> _EXERCISE DETAILS_
Lines from the one containing "Таблетницы предназначены для" through the last line of the records below need to be repeated exactly; nothing else, and no pictures.

Records from a dataset:

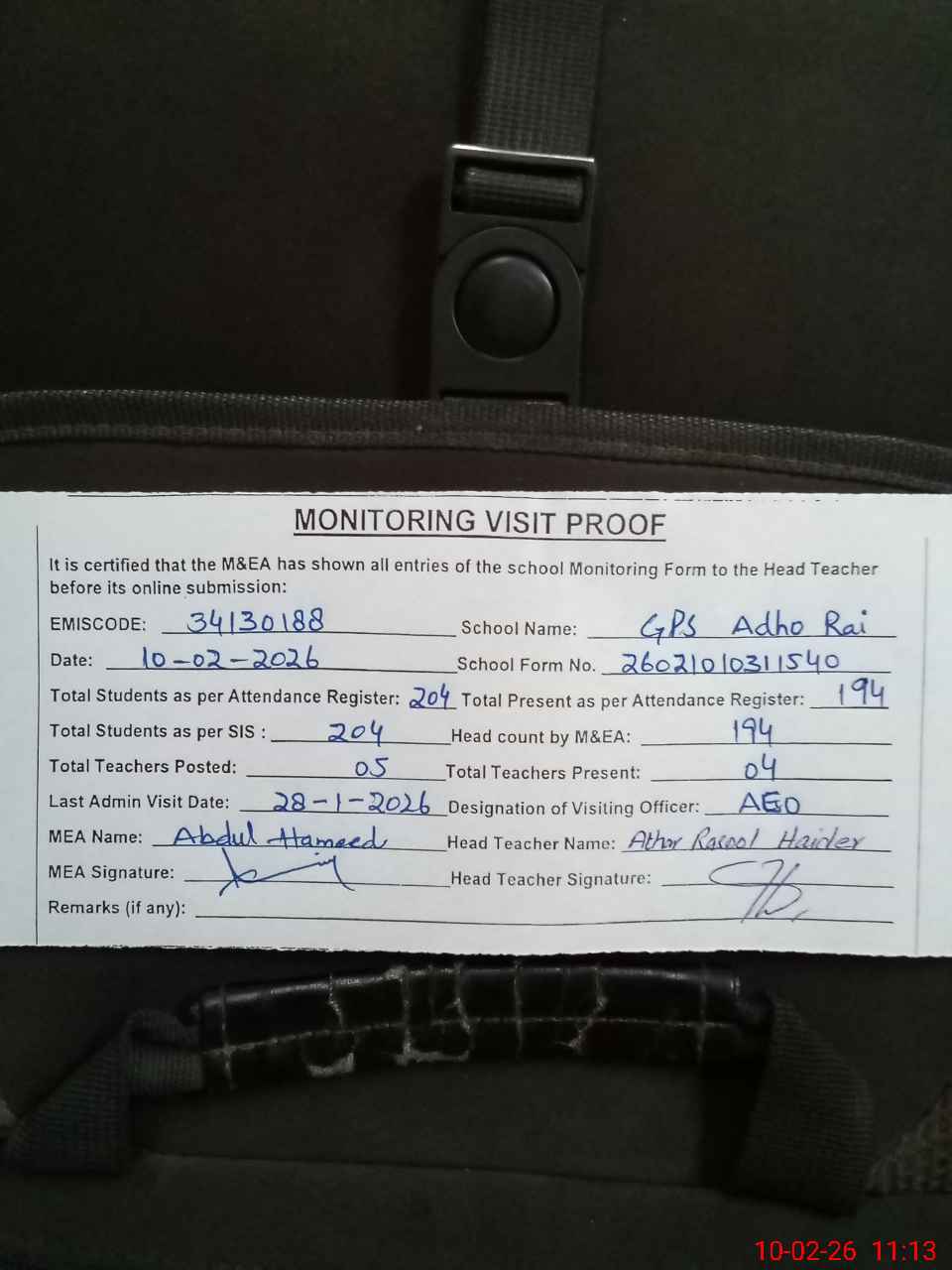 | Monitoring Date: 10-02-2026 | Start Time: 10-02-2026 10:31 AM | End Time: 10-02-2026 11:16 AM | Name of MEA: N-**** Ha**** | |
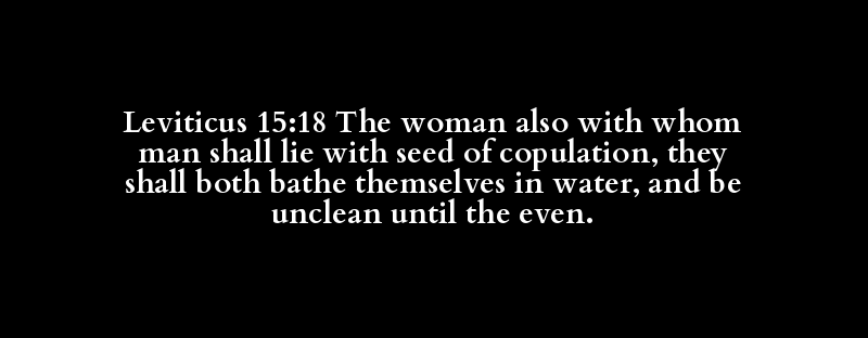 Leviticus 15:18 The woman also with whom man shall lie with seed of copulation, they shall both bathe themselves in water, and be unclean until the even.
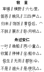 解析 本课所选的三首古诗词,描写的都是古代儿童有趣的生活,表达了孩子无忧无虑、天真烂漫的天性。朗读时,要感受到清新的乡土气息,浓郁的生活情趣,语调活泼、亲切、自然。《牧童》向我们展示了一幅鲜活的牧童晚归休憩图,读时语调舒缓、轻快。《舟过安仁》展示了无忧无虑的两个小渔童充满童稚的行为和行为中透出的只有孩童才有的奇思妙想,读时要用充满童真和童趣的语气,有疑问,有恍然大悟之感,语调舒缓、张扬。《清平乐·村居》描绘出一家五口各具情态的形象,表现人情之美和生活之趣,读时要用亲切的语气,语调轻快、活泼。
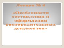 Лекция № 4 «Особенности составления и оформления распорядительных
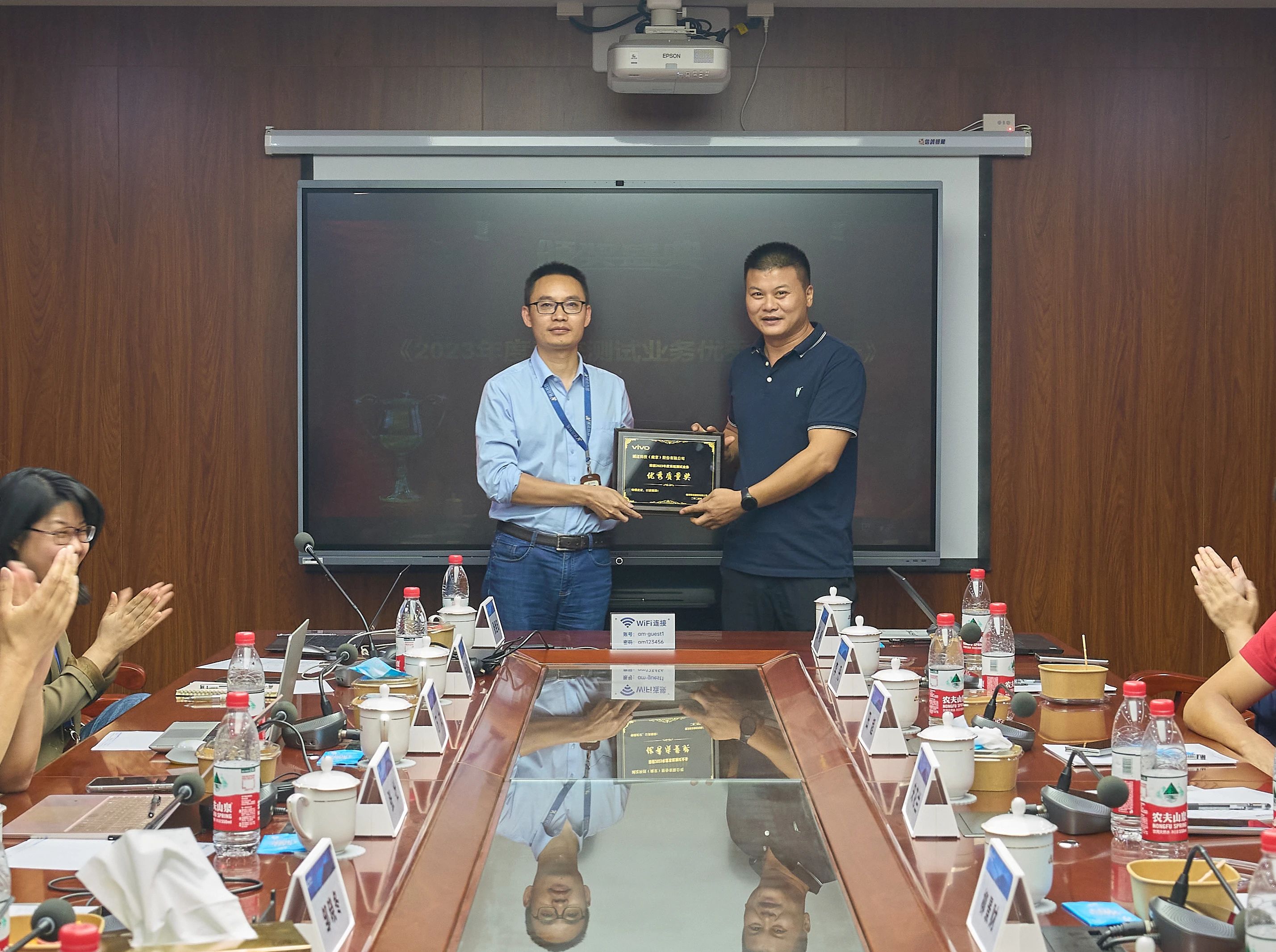 vivo测试技术与口碑管控领域总经理柳景财、软件品质部总经理徐明亮、OS体验测试部总经理宋花兰、采购总监赵卫东、人力资源总监唐家泉、采购经理闫晓东等领导,以及诚迈科技执行副总裁邹晓冬、副总裁童仁荣、副总裁王利明等一起出席颁奖仪式。
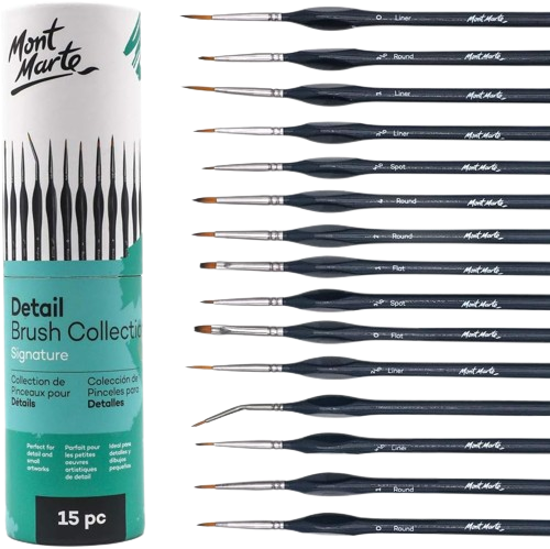 Mont Marte Detail Paint Brush Collection, 15 Piece, Taklon Bristles, Suitable for Acrylic, Oil, Watercolour and Gouache Paints, Includes Storage Bag
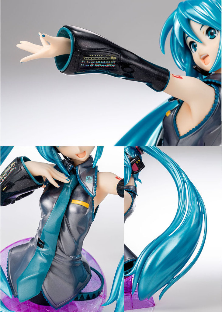 透過萬代多年來培育的成形技術,「Figure-riseBust 初音未來」能以組裝模型的形式,將飄逸柔順的頭髮、富有層次服裝造型與細膩皺摺精巧再現,而全新的射出成形技術「Layered injection」更運用在角色的臉部零件,眼睛、眉毛、膚色四種成形色全部集中,一片零件就搞定!
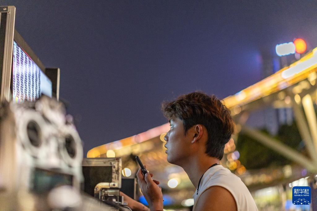 5月1日晚,在重庆市南岸区,陆子祥在执行当天展演任务后检查无人机状态。
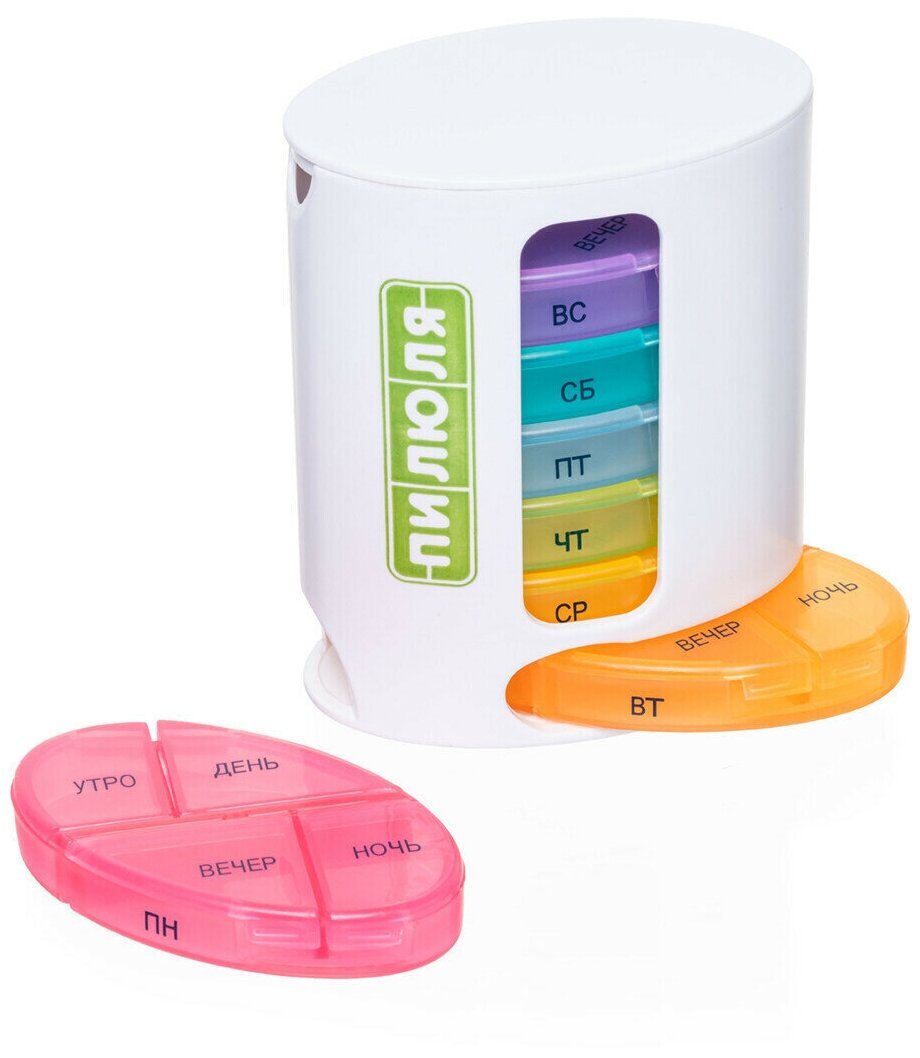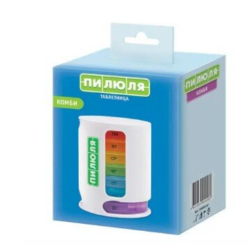 Таблетницы предназначены для компактного и упорядоченного хранения лекарственных средств или витаминов. Универсальная таблетница пилюля комби разработана специально для активных людей, которым необходимо принимать лекарства несколько раз в течение недели или дольше, как дома, так и в дороге. Способ применения: Открыть крышки отделений; разложить витамины или лекарства по отделениям; закрыть крышки. Меры предосторожности: Перед использованием промыть таблетницу теплой водой с мылом и высушить ее.
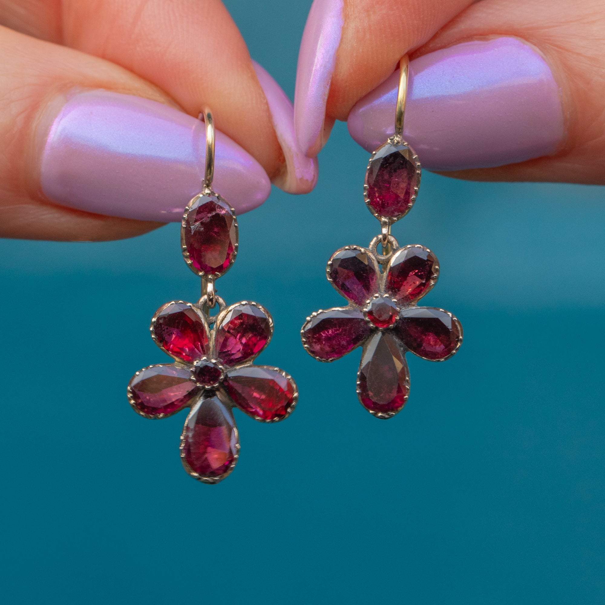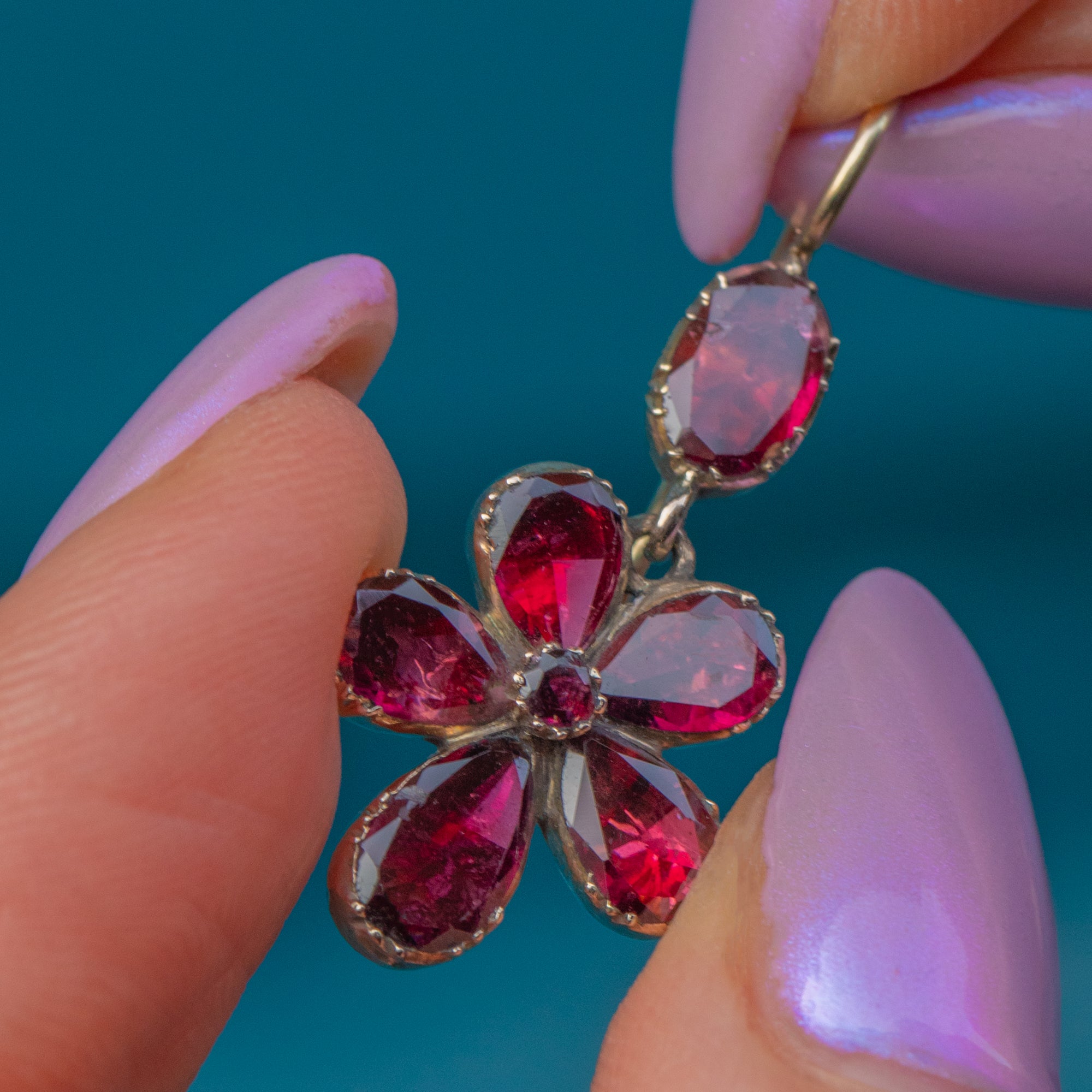 These Georgian 9ct Gold Garnet pansy drop earrings are adorable!

> _OUTPUT FOR THIS TASK_
 Таблетницы предназначены для компактного и упорядоченного хранения лекарственных средств или витаминов. Универсальная таблетница пилюля комби разработана специально для активных людей, которым необходимо принимать лекарства несколько раз в течение недели или дольше, как дома, так и в дороге. Способ применения: Открыть крышки отделений; разложить витамины или лекарства по отделениям; закрыть крышки. Меры предосторожности: Перед использованием промыть таблетницу теплой водой с мылом и высушить ее.
 These Georgian 9ct Gold Garnet pansy drop earrings are adorable!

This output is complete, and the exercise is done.